**Task requirements**
Beginning with the line that contains "目前,世界汽车租赁市场发展势" and ending with the line that contains "Baboon ofron Shërbim", reproduce the lines of the entries below exactly, omitting pictures.
═══ Information given
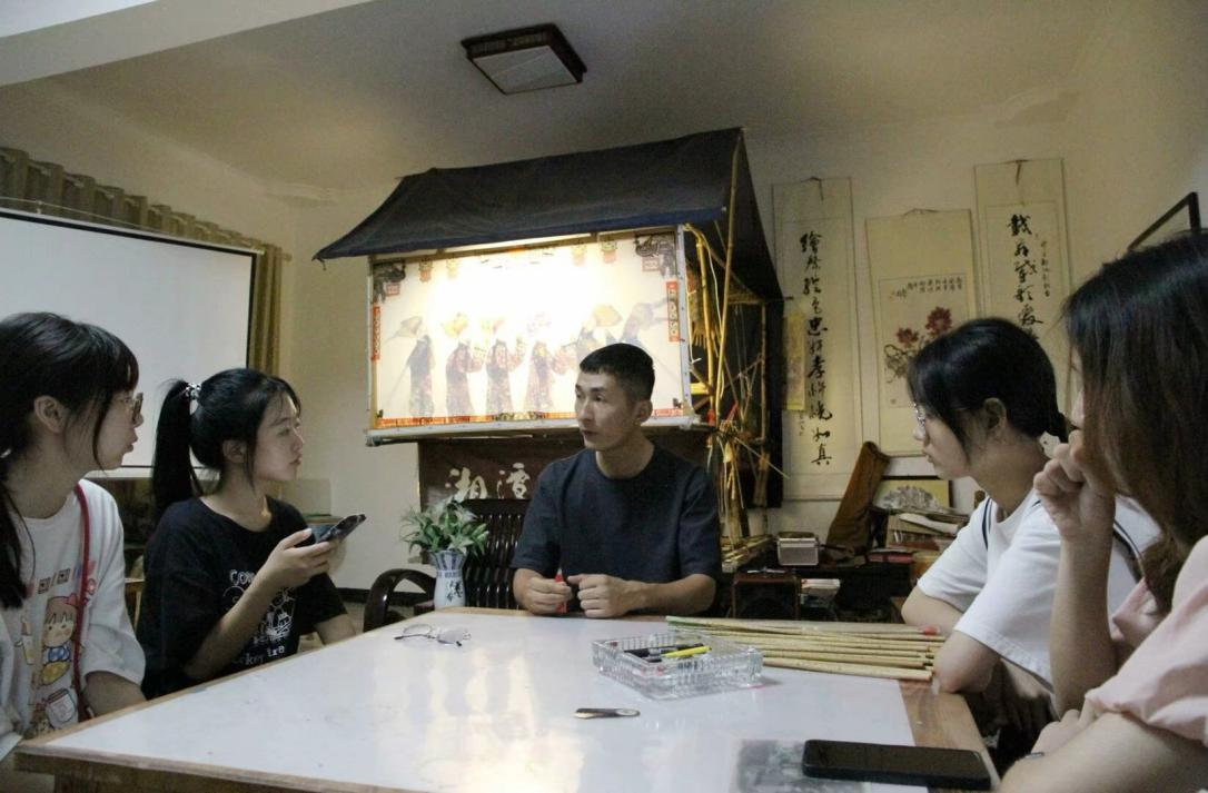 作为吴氏纸影非遗事业传承人,吴渊老师致力于与时俱进创新传承与发展的理念。他向我们指出,现今在湘潭纸影传承过程中最重要的一点是“古老非遗,快乐传承”,这也是传承人每次活动的目标和口号。在以前纸影戏起着育人和传教化知礼节的作用,而现在更多的是服务大家的精神文化生活。因此,纸影的传承在当下应重在创新和与时俱进,在参与中感受其魅力。吴渊老师向实践团成员解释:“皮影的整个过程是一个立体、综合的门类,人们参与进来可以锻炼动手能力,在对角色的观察和了解之后,还可以编排一个故事、表演、互动。这是一个团队协作的过程,讲究成员之间的配合与沟通。所以现在的模式不再是用故事教育人或者是主播来做纯粹的宣讲,而是在展示的过程中,让观众参与进来,让他们成为我们的演员,扮演这一个角色,用光和影的形式表达自己。”
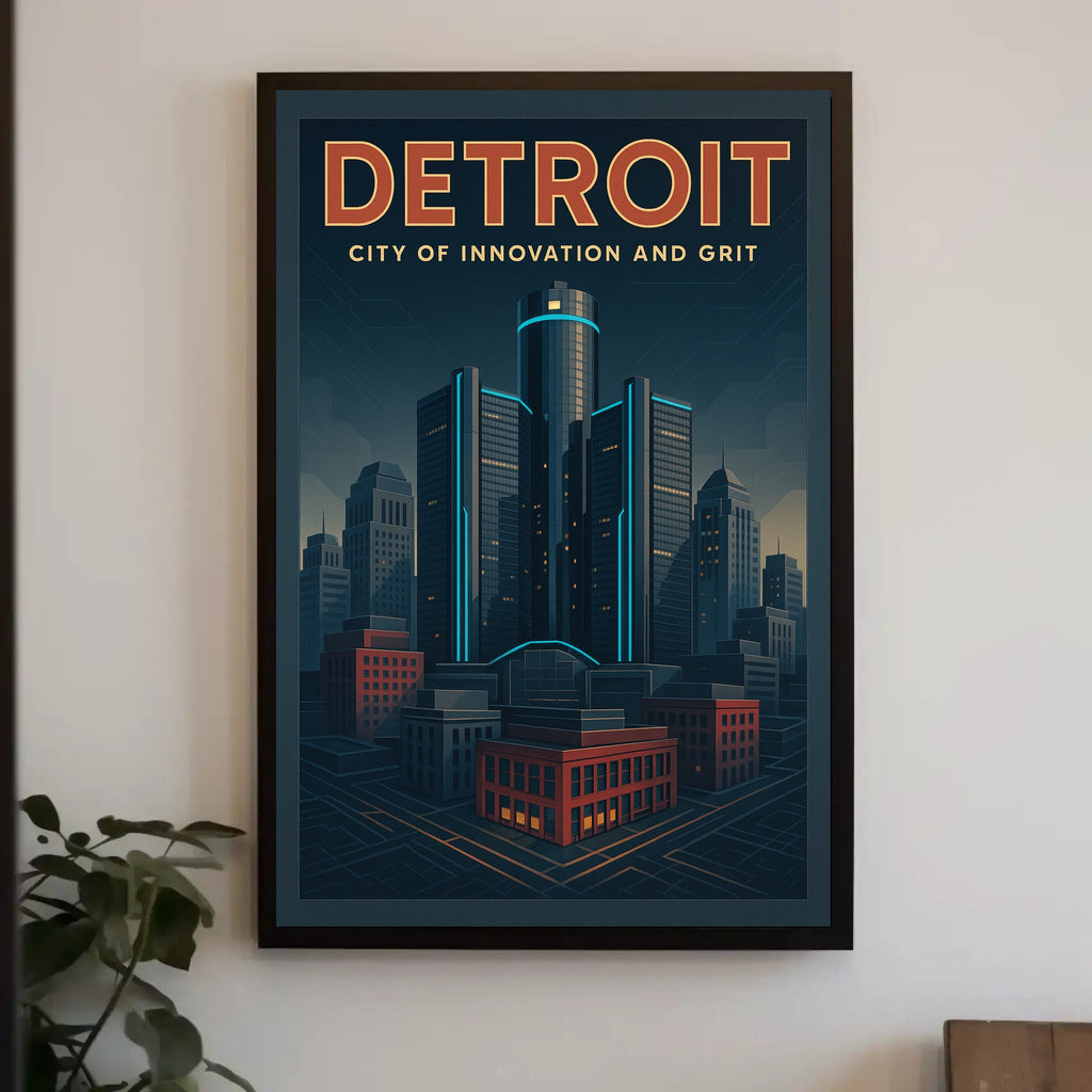 Bring this futuristic Detroit cityscape home today — order now and transform your wall into a celebration of modern architecture and metropolitan design.
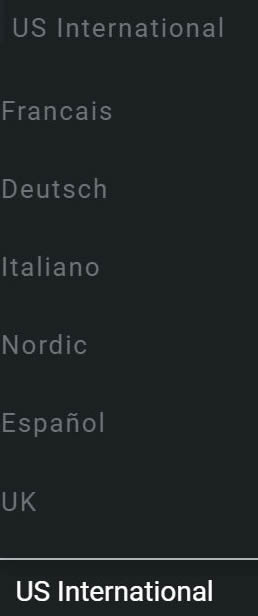 as well as the keyboard layout from 7 different languages (Francais, Deutch, Italiano, Nordic, Espanol, UK and US International), default is US international.
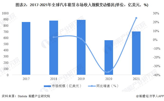 目前,世界汽车租赁市场发展势头迅猛,汽车租赁业的增幅遥遥领先于其他服务行业,日趋突出的规模化经营带来的效益规模化是全球汽车租赁业发展的潮流,从业务形式来看,国外汽车租赁企业已经开拓了相当数量的业务渠道和服务形式。在经营性租赁的基础上,同时开展融资性租赁、二手车销售、车辆保险等多种与之相关的业务。根据Statista公布的数据,2021年全球汽车租赁市场逐渐从疫情打击中恢复,收入规模达706.2亿美元,同比增长24.70%。
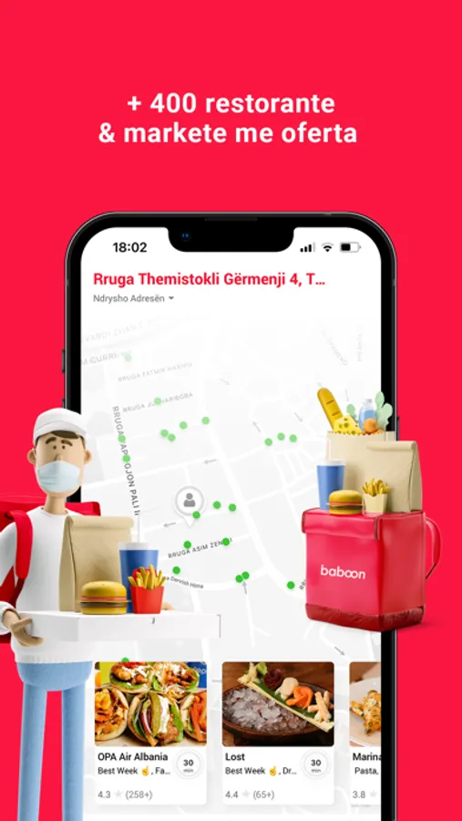 Baboon ofron Shërbim Delivery, Kudo, Kurdo 24/7.
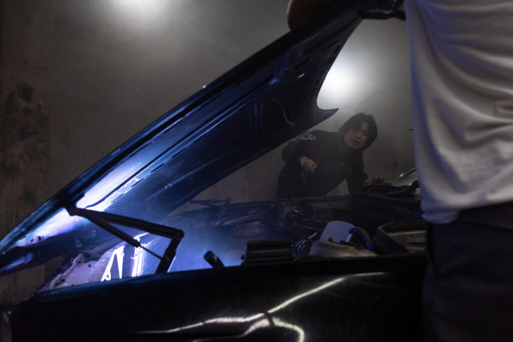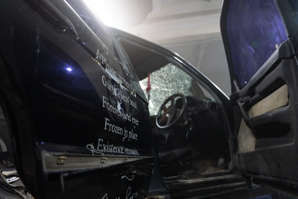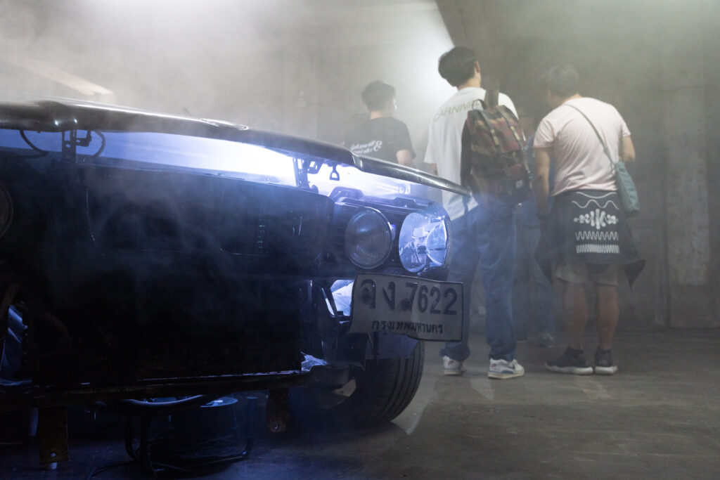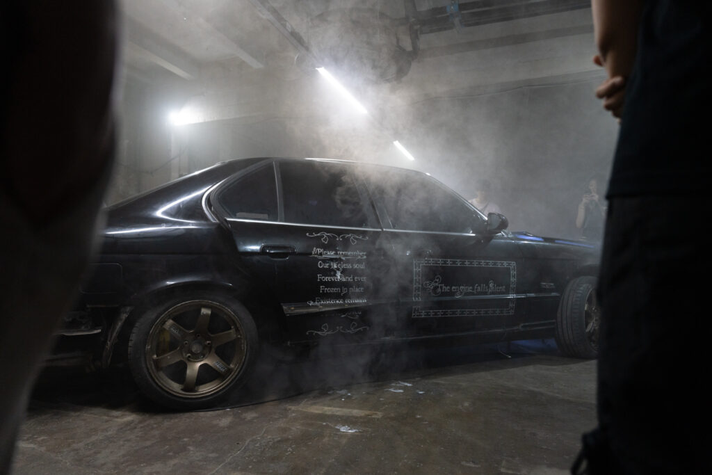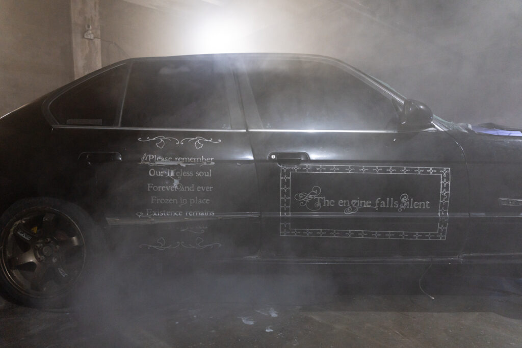 “FOREVER LOVE SOUL ENGINE” นำเสนอในรูปแบบของพิธีกรรมที่ผสานเทคโนโลยีกับแนวคิดเรื่องจิตวิญญาณ (techno-animistic ritual) เป็นพิธีศพสำหรับร่างกลจักรที่กำลังอยู่ในช่วงเปลี่ยนผ่าน ในบริบทนี้ รถยนต์เปรียบเสมือนร่างกายของมนุษย์ เป็นรูปทรงที่ยังหลงเหลือร่องรอยของการใช้งานและความทรงจำ ข้อความที่ปรากฏบนตัวถังรถทำหน้าที่คล้ายบทสวด เป็นทั้งคำไว้อาลัยและหลักฐานของประสบการณ์ที่ผ่านมา
══════
**Expected answer**
 目前,世界汽车租赁市场发展势头迅猛,汽车租赁业的增幅遥遥领先于其他服务行业,日趋突出的规模化经营带来的效益规模化是全球汽车租赁业发展的潮流,从业务形式来看,国外汽车租赁企业已经开拓了相当数量的业务渠道和服务形式。在经营性租赁的基础上,同时开展融资性租赁、二手车销售、车辆保险等多种与之相关的业务。根据Statista公布的数据,2021年全球汽车租赁市场逐渐从疫情打击中恢复,收入规模达706.2亿美元,同比增长24.70%。
 Baboon ofron Shërbim Delivery, Kudo, Kurdo 24/7.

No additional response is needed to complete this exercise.